My work in statistical learning is always about multicollinearity, variable cardinality, and model selection. Understanding the topology of the data space is critical, and day-to-day concerns of data cleaning had made me lose sight of that. To that degree, this article was a fantastic reminder.
I recently saw a talk on this, and I didn't understand the barcode charts then either. For example, I understand that the zeroth order Betti number gives the number of connected components. So, why does the bar code chart show multiple numbers for each radius value? Shouldn't it look more like plot of some non-increasing function where for each radius, there is a single zeroth order Betti number on the y-axis (since the number of connected components is non-increasing as a function of the radius)?
The barcode is not usually showing the zeroth Betti numbers. It's usually showing the first Betti number, which intuitively counts the 1-dimensional holes in the space. For each radius, there could be lots of those (imagine several circles that all have a single point in common, then the first Betti number will be equal to the number of circles). At a given radius, there will be one bar over it for each 1-dimensional hole. If a bar is really long, i.e. the same hole exists for many radii, then we assume that it must represent actual structure in the data, rather than just noise.
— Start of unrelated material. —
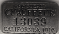 ![]() 1906 CALIFORNIA REGISTERED CHAUFFEUR | ![]() 1907 CALIFORNIA REGISTERED CHAUFFEUR |

You could do a barcode for the holes of any fixed dimension, but as you point out, the 0-th dimension case is relatively uninteresting, and as you get to higher dimensions, it's harder to visualize and interpret what is going on. So dimension 1 is most common.
So, let me try to understand: Let's take the order 1 case. If I pick a value on y-axis and hold it constant, this refers to a particular "1D hole". As I move left to right, increasing the radius, the graph is colored black if this particular hole is present for the given radius and not-colored otherwise. Is it not misleading, then, to label the y-axis as the Betti number since this is a single, global number?
> the 0-th dimension case is relatively uninteresting
It was explained to me that the zeroth order Betti numbers have applications for clustering.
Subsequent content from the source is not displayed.